Well, before we admit defeat and join the parade, shouldn't we pause to inquire whether the Immediacy Argument is sound? To be sure, the irrealist conclusion (4) does follow from the premises, and most realists today would themselves certainly accept premise (3): no such unmediated or transcendent view is possible. Further, the subsidiary conclusion (2) is supported by premise (1), even if not entailed by it; granted (1), it seems likely that the only way realists could make sense of their position would be by way of some Immediacy or View from Nowhere, which is absurd. That leaves premise (1), an assumption which in one form or another has seemed utterly obvious to most philosophers for generations if not for centuries. Indeed in many circles the slogan "You can't use language or scheme to get outside language or scheme" is a truism, a touchstone, a shibboleth, a mantra, a stopper.

But is (1) really so obvious? After all, there exist some things we can use to get outside those things, as when we use doors to get out of doors, or windows to defenestrate. So why specifically can't we use language or scheme to get outside language or scheme? More precisely, why are we supposedly unable to use a part of our language or conceptual scheme to ground or justify the whole of it, in the sense of showing that it corresponds to or maps onto, often enough or nearly enough, how things are apart from our language or scheme? If realists can explain how we could use language in this way "to get outside language," immediacy arguments and their ilk collapse.

Some realists, themselves renouncing any immediacy or metaphysics of presence or View from Nowhere, have constructed detailed positive accounts of how to justify realism. Such accounts typically explore key relations among concepts, language and world according to which certain samenesses and differences in the world -- including certain objects, kinds or universals -- are found not made, and our concepts and language, often enough, conform to, map onto, or track them (not that this is the only or the primary role of language; far from it). One or another of these constructive accounts does suffice to justify realism, I believe, and I have my favorite. But by themselves they fail to address this urgent question: "Why is assumption (1) taken so utterly for granted? What argument, what strand of the history of philosophy, is driving the uncritical faith in (1) and in its implication (2) that only immediacy or a View from Nowhere could save realism?"

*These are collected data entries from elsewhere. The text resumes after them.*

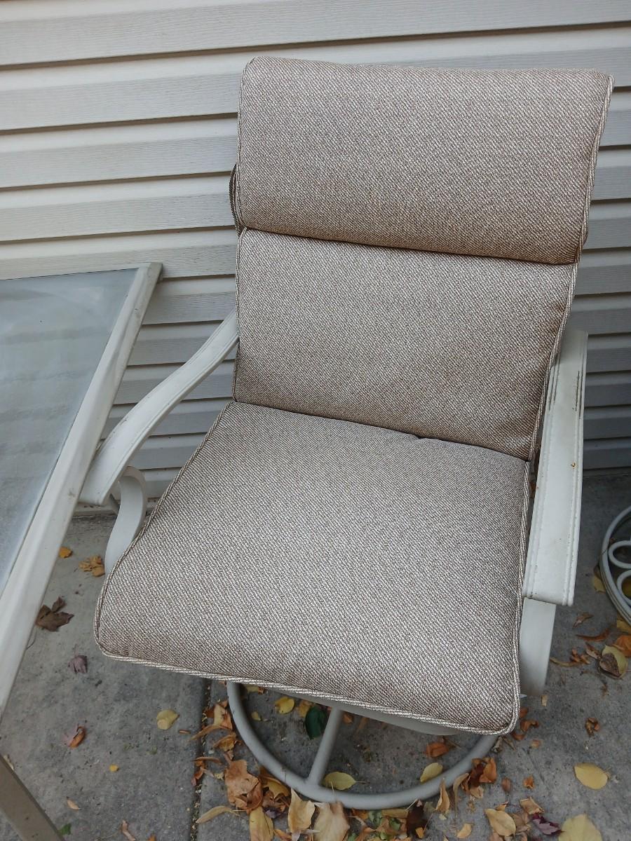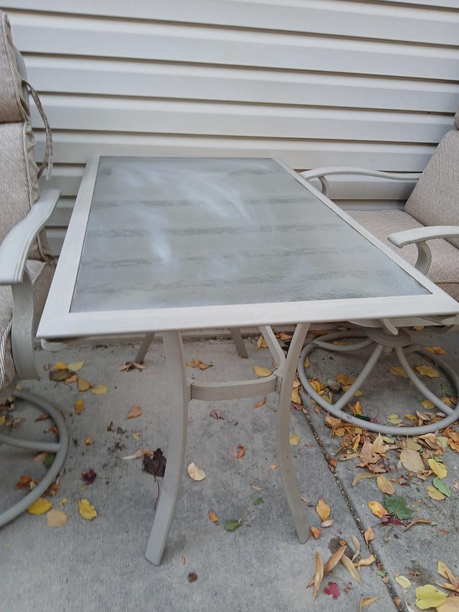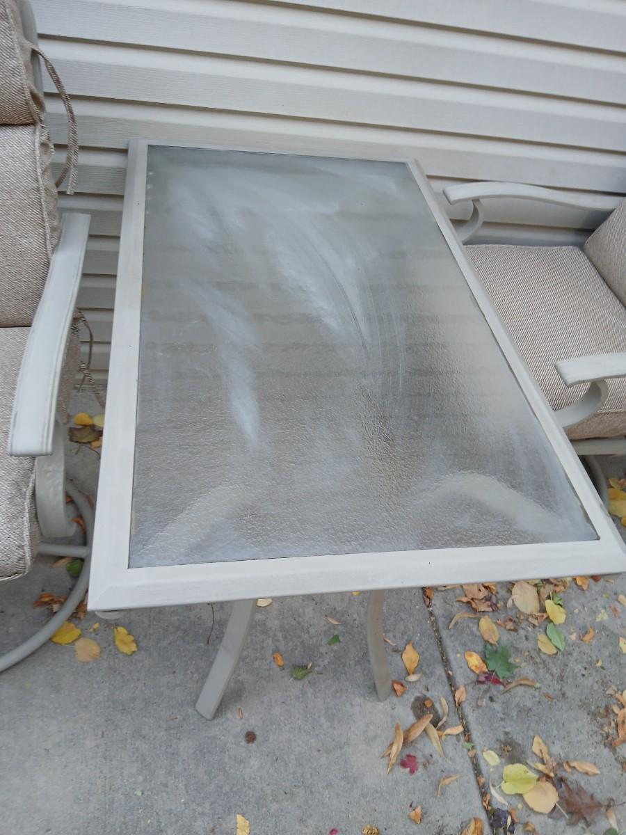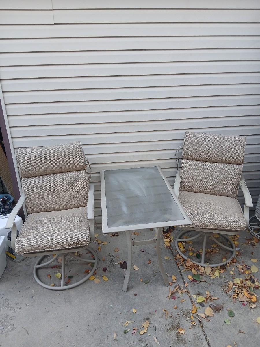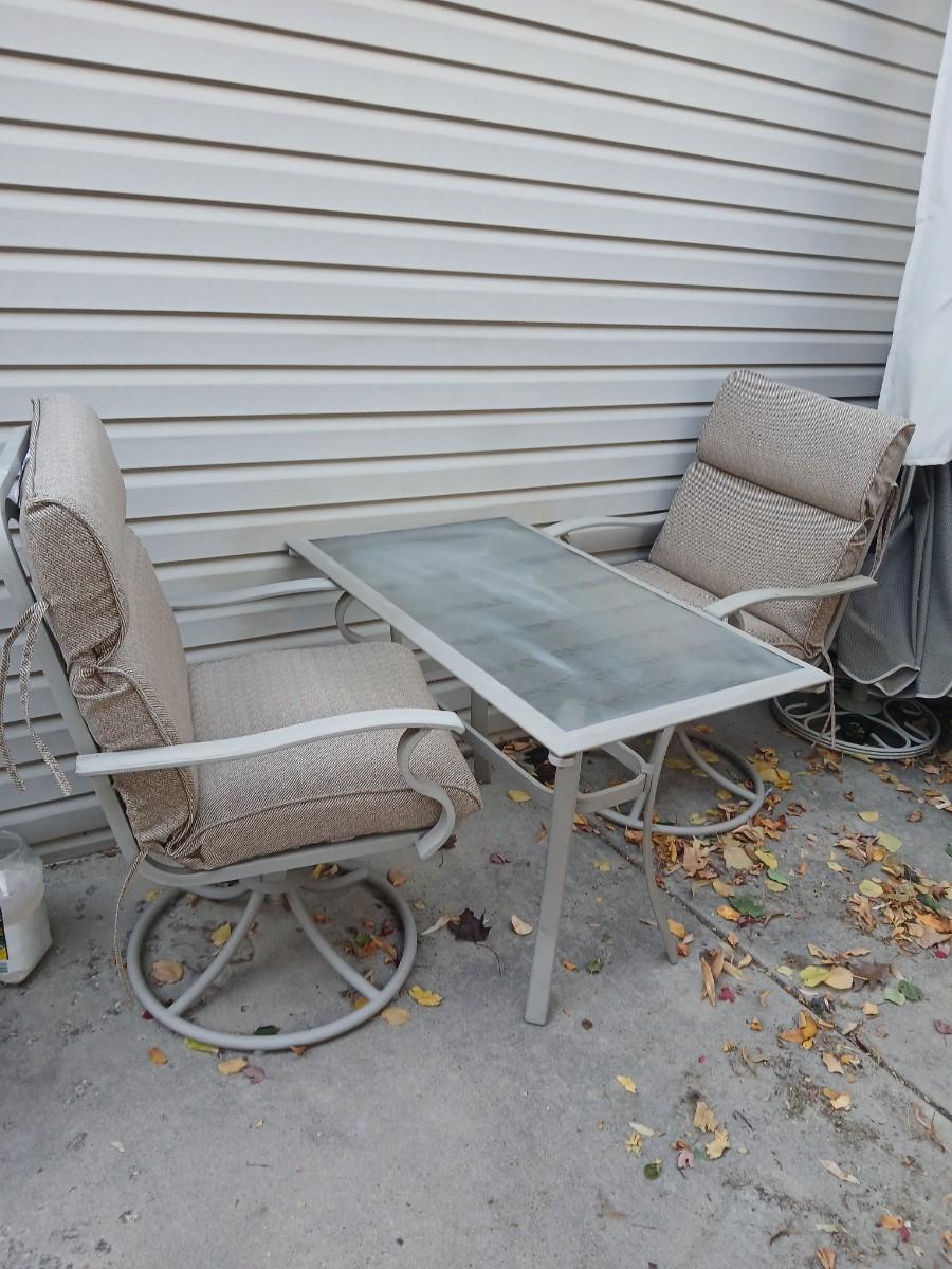Two patio chairs and cushions with small glass topped patio table
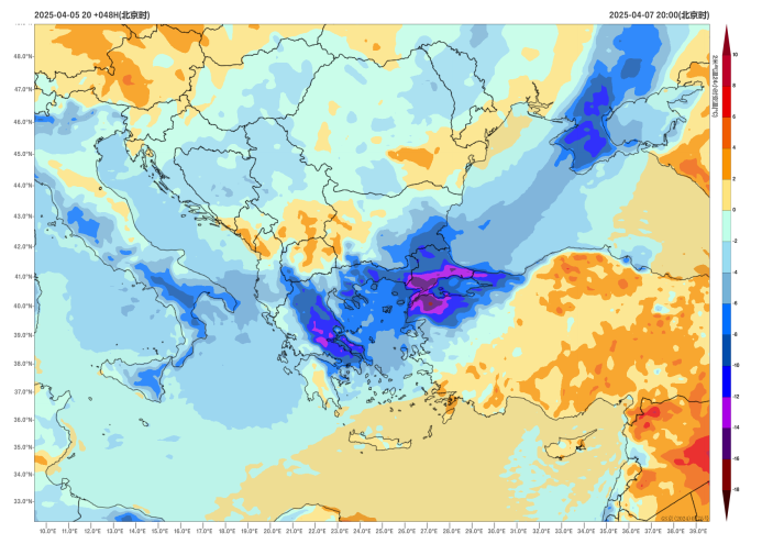 Figure 2: 24-hour Temperature Change at 2 meters above ground level as of 20:00 on April 6, 2025 (Unit: °C)
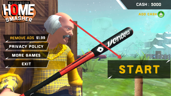 1、在Neighbour-Home-Smasher主界面,点击右侧START按钮,以5000现金开启游戏,进入武器选择环节,准备挑选战斗道具。
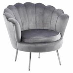 Křeslo Korab VIC šedý samet glamour do obýváku mušle na stříbrných nohách
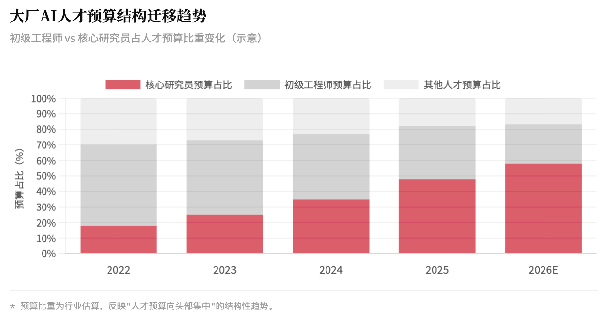 大厂用AI替代数以千计的初级工程师,将省下的“人头费”全部梭哈在那几十个核心大脑上。“以底养顶”的循环下,组织的预算正从宽广的毛细血管,强行汇入极少数的主干动脉。
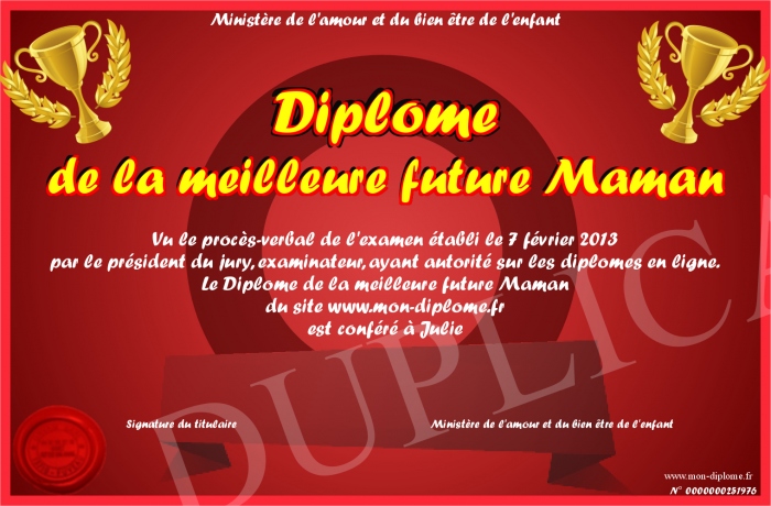 Envoyez par email votre Diplôme de la meilleure future Maman personalisé
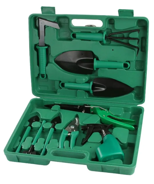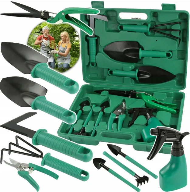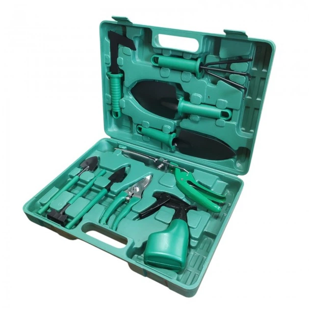Набір садових інструментів 10 шт у кейсі для догляду за рослинами обрізки поливу розпушування пересадки
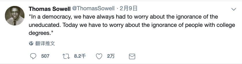 13. “在民主国家,我们过去总是担心未受教育者的无知。今天,我们却不得不担心拥有大学学位之人的无知。”

What makes this question so urgent? Well, unless assumption (1) can be disarmed, the suspicion will persist that realists' positive accounts, however ingenious, must inevitably be question-beggingly circular at some deep level. Somewhere any such account must be assuming what it is trying to show; somewhere it has already had to slip into the form, the logic and the implicit postulation of precisely that which it seeks to ground. The only interest in reading the account is to see just where the inevitable mistake occurs.

It turns out that the (1) presupposes something surprisingly blatantly false. Hence mantras like "We cannot use language to get outside language, or scheme to get outside scheme" are unsound. So too for immediacy arguments, in that their major premise (1) rests on a false presupposition. It further turns out that this presupposition runs throughout a crucial strand of the history of philosophy. Indeed, it helps to begin by recalling a bit of dialectic in Descartes in order to see just what the presupposition is.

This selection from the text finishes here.